The following samples were processed at a temperature of 42° C. and a color development time of 60 seconds. That is, in the preparation of samples 2'l and 32 of the photosensitive material used in Example 1, the DIR compound proboscis was changed to the DIR compound or inhibitor shown in Table 9, and samples 22-1 to 5.38-1 to 5 were prepared. Created. Regarding this sample, the RMS value and Mavicita Kabuburi (5%) were measured in the same manner as described above. The results are shown in Table 9.
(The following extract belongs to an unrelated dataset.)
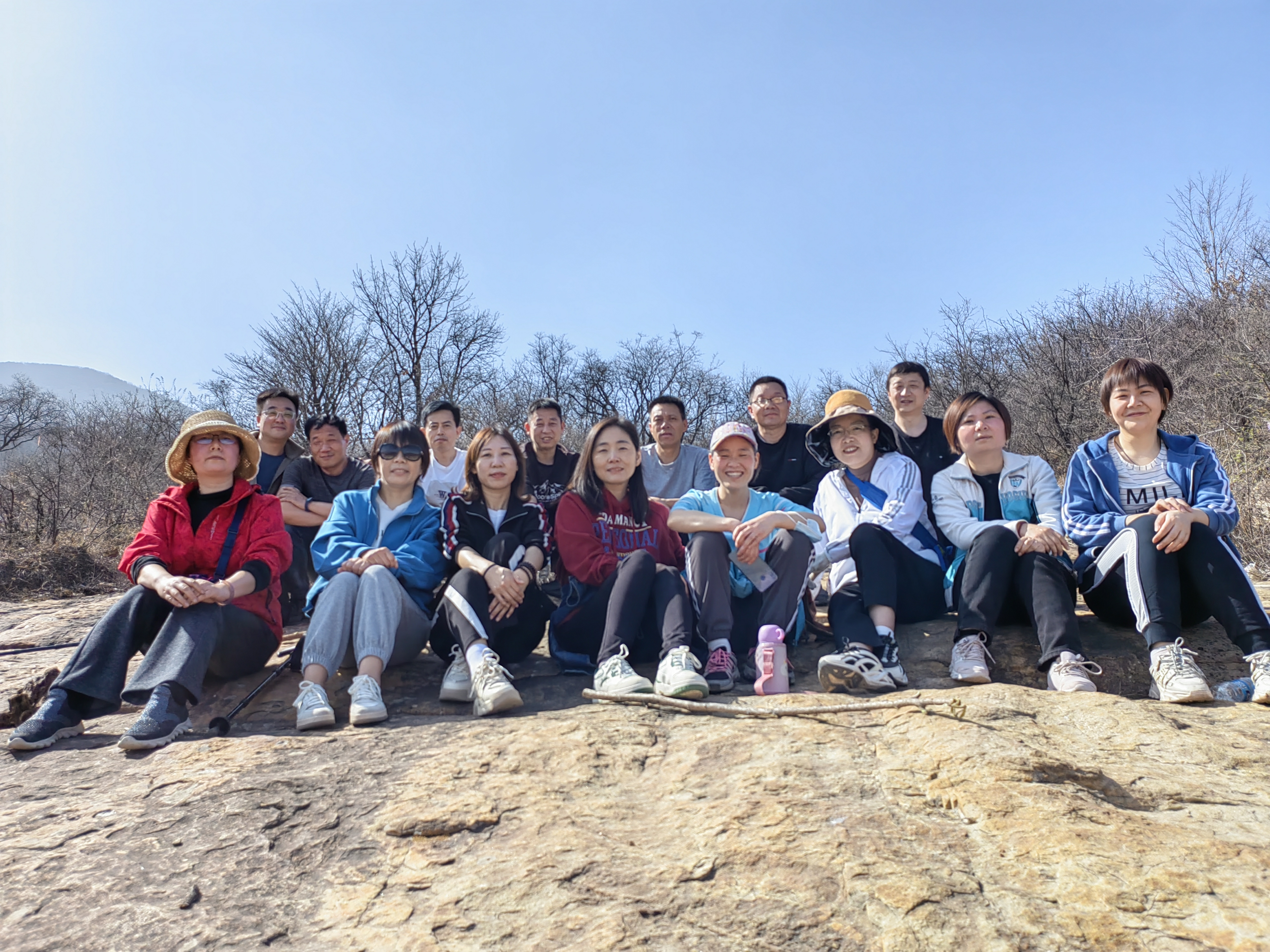 一個半小時的路程,我們順利到達(dá)登封,九點(diǎn)半登山活動正式開始。大家奮勇向前,歡快地向山頂進(jìn)發(fā)。一路上,有的職工閑庭信步,踏青賞春,放松心情;有的職工登高遠(yuǎn)眺,與好友合影留念。大家都精神抖擻、意氣風(fēng)發(fā)。山路越發(fā)陡峭,不少職工氣喘吁吁,但是,大家都發(fā)揚(yáng)不怕苦、不怕累的精神,相互鼓勵,共同攀登,沐浴在春日暖陽中,沉浸在登山的快樂里,每個人的臉上都洋溢著幸福和愉悅。兩個小時后,同志們?nèi)康巧仙巾敚谰氨M收眼底。
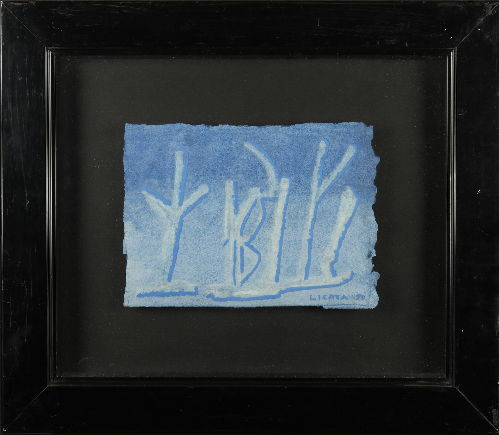 Firma e anno in basso a destra. Al retro cartiglio descrittivo della Galleria San Carlo, Milano e dichiarazione di autenticità Studio d'arte La Fortezza, Savona.

Margin below , 4 ・', ``1P Table-9 From Table-9, it can be seen that when the same DIR compound or inhibitor is used, the sample of the present invention is superior. It can be seen that fairly good results are obtained without the addition of compounds or inhibitors, and even worse results are obtained with the addition of D, IR compounds or inhibitors.
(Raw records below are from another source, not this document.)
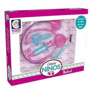 A cotiplas fez essa linda boneca para suas pequenas continuarem brincando pois a cotiplas tem uma responsabilidade de fazer milhões de crianças felizes e se divertindo , Ninos 4 Pecas Com Estetoscopio Medical Características Marca: Cotiplás Modelo: 2222 Código de Barras: 7896964622227 Produto Certificado: Inmetro/ Anvisa Itens Inclusos: 1 Ninos Acessórios Médicos Cotiplás 2222. Recomendação: Recomendado para crianças maiores de 3 anos de idade. Restrição de Idade: Não recomendável para menores de 3 anos de idade. Peso: 0,412 Kg Composição / Material: Plástico
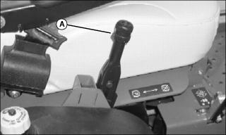 2. Loosen set screw (A) on park brake handle knob and and turn knob clockwise several times. Tighten set screw down into the lower slot.
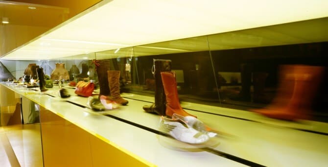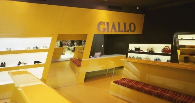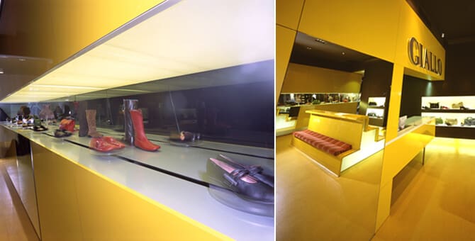A good example is the shoes Giallo store that we present below, which is part of one of the six new concepts of the brand. This store has a fabulous design, unique, a very bold yellow color, bright that represent the result of brand design created by Luigi Roselloi architects, and that received in 2004 an award for this work – IDAA Interior Design Awards and has succeded this performance by putting into practice this stunning ideas. Store building was performed by using talented young people full of dynamism and a burning desire to achieve an art class and professionalism, for architecture interior design of this store. Tilted walls, and doors displayed have been intentionally used as dynamic elements. are, the main window has a “sushi train” with rotating conveyor belt so that shoes arranged on shelves to be at eye level for those who wish to buy/or watch the shoes collections. Materials for the interior design retailer shoe store Giallo are baked enamel aluminum, vinyl and acrylic Swedish, merged and processed to restore the appearance of a contemporary design.
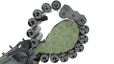 MPS to skrót od MAXIMUM PRESSURE SYSTEM (z ang. system maksymalnego ciśnienia lub system maksymalnego nacisku). „Chodzi tu o umieszczony w tylnej pokrywie pras ROLLANT uchylny segment trzech walców, który wywiera dodatkowy nacisk na balot” – wyjaśnia Hendrik Henselmeyer, Manager CLAAS ds. Produktu – Prasy. W momencie rozpoczęcia formowania balotu trzy walce MPS wchodzą do wnętrza komory prasującej. Następnie coraz większy balot przyciska je ku górze w położenie krańcowe. Dzięki temu balot obraca się od samego początku i jest zagęszczany już od średnicy 90 cm. W ten sposób powstaje wysoko zagęszczony balot – nawet przy wysokiej prędkości jazdy” – dodaje Hanselmeyer.
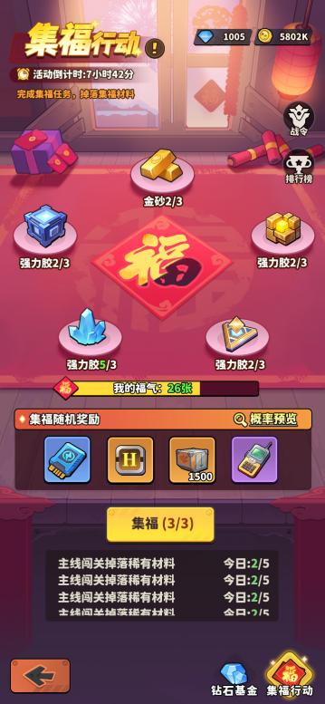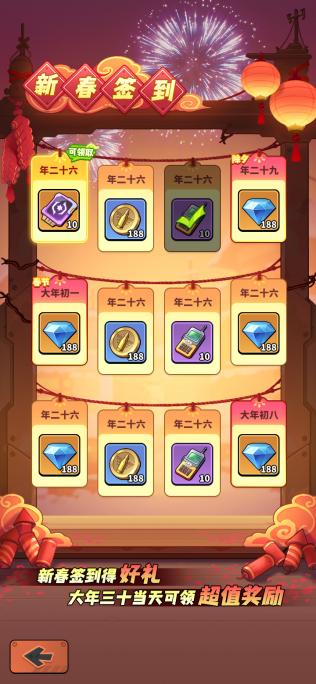 · 春节活动期间,每天参与各种玩法,可获得合成【福】的各种材料,所有材料分别集齐3个可合成1个【福】,获得奖励!
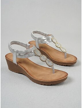 Sandali con zeppa da donna color argento glitterato con cinturini metallici alla caviglia – per le vacanze &scarpe da sera da resort
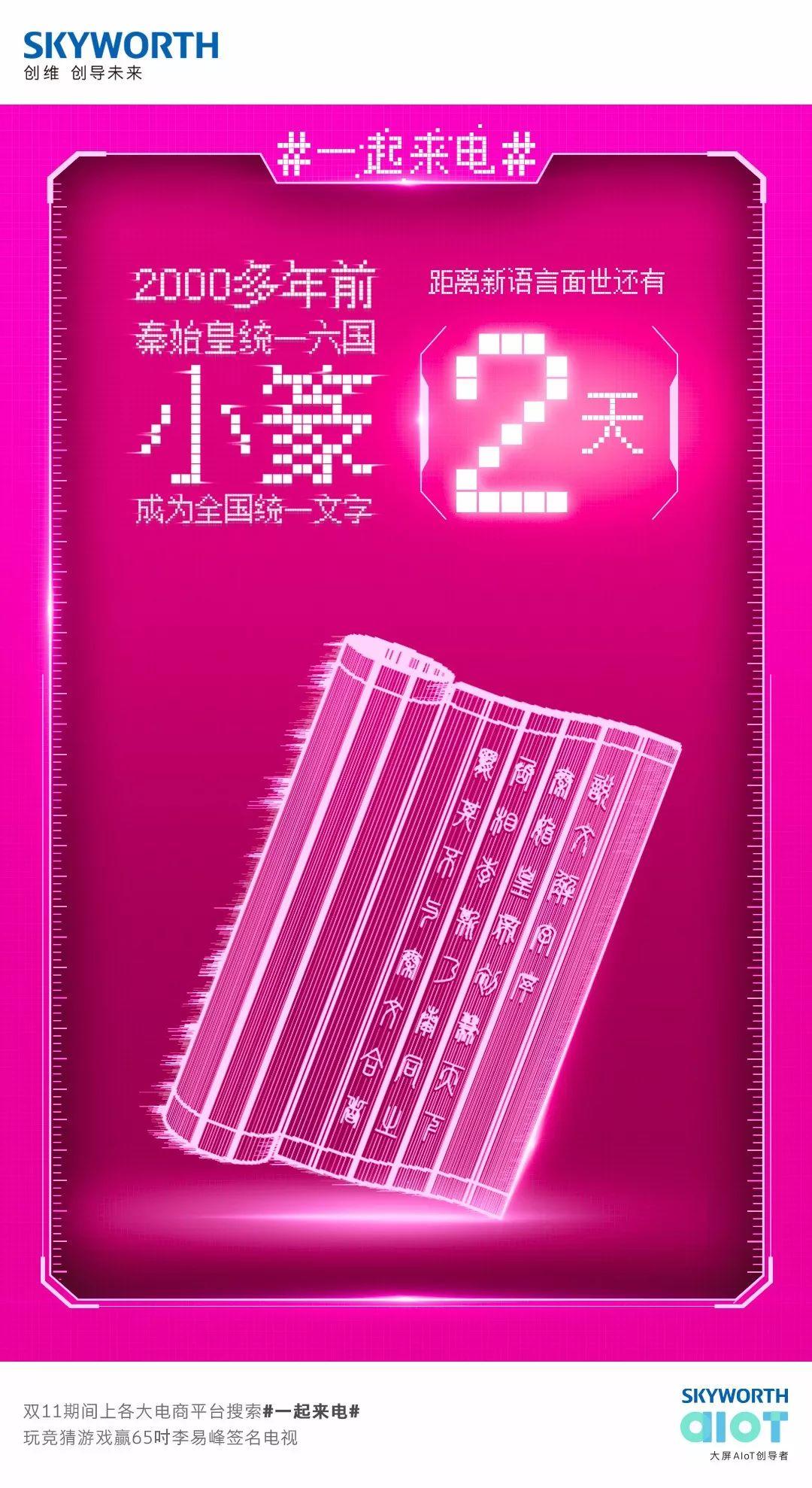 创维电视从一开始,就用语言的进化历程制造了悬念。正像新语言倒计时海报所言,语言都是为了能更好的沟通,让世界变得更美好,能再向前一步。

Regarding sample 38-2 of the photosensitive material, added DIR
Exemplary compounds D-10 to D-2゜D-8,D-
12, D-14, D-16, D-20, D-23, D-
27, D-30, D-33゜D-36, D-40, D-
44, D-48, D-52, D 62. D 66,
D68. D 72゜D-77, D-80, D-8
4 and D-88, the same results as above were obtained. Regarding sample 3B-4, when the inhibitor added was changed to exemplified compound A-2 and experiments were conducted using A-1, A-3, A-5, and A-7, similar results were obtained. Ta. Regarding sample 38-5, inhibitor B-1 of exemplified compound 3-day-5 was added to B-3, B-5, and B-5, respectively.
Similar results were obtained when Kojiro carried out the experiment in place of B-6.

Example 7 In the raw material sample 38 of Example 2, the color developing solution of Example 1 with an inhibitor added was used, the temperature was set at 50°C, and the color development time was As 60 seconds,
The following samples were processed. That is, in the preparation of sample N122.38 of the irradiating material used in Example 1, the inhibitor
Samples were prepared by using the inhibitors shown in Table 10 instead of 5. From the results shown in Table 10, it can be seen that adding an inhibitor is more effective.
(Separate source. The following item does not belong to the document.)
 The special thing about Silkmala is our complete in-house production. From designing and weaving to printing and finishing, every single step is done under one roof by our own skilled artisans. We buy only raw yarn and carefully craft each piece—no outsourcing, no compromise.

Margin Table-10 [Effects of the Invention] This invention can be said to be a processing method for silver halide color photographic materials.

4. Detailed explanation of the drawing Figure 1 is a graph that does not explain the membrane swelling rate.Representative Patent Attorney Toru Tsuki 20 D 40 ”0 6070 80
S':' Figure 1 Procedural Amendment (released) November 19, 1985 Commissioner of the Japan Patent Office Kuro 1) Relationship with the Akio case Patent applicant address 1-26-2 Nishi-Shinjuku, Shinjuku-ku, Tokyo Name
(127) Konishiroku Photo Industry Co., Ltd. Representative Director Megumi Ide 4th year, Agent - Ino

Claims (1)

[Scope of Claims] 1. A method for processing a silver halide color photographic light-sensitive material having a photographic constituent layer including at least one silver halide emulsion layer on a support, wherein the silver halide color photographic light-sensitive material has a halogen At least one layer of the silver emulsion layer has silver halide grains containing 0.5 mol% or more of silver iodide, the film swelling rate of the photographic constituent layer is 20 seconds or less, and the film thickness of the photographic constituent layer is is 25 μm or less, and further contains a pyrazoloazole type magenta coupler represented by the following general formula in at least one of the silver halide emulsion layers, and the silver halide color photographic light-sensitive material is processed in a color developer. A method for processing a silver halide color photographic material, characterized in that the processing time is 180 seconds or less. General formula [IP] ▲ Numerical formulas, chemical formulas, tables, etc. are available▼ In the formula, Z represents a group of nonmetallic atoms necessary to form a nitrogen-containing heterocycle. X_1 represents a hydrogen atom or a substituent that can be separated by reaction with an oxidized product of a color developing agent. R represents a hydrogen atom or a substituent.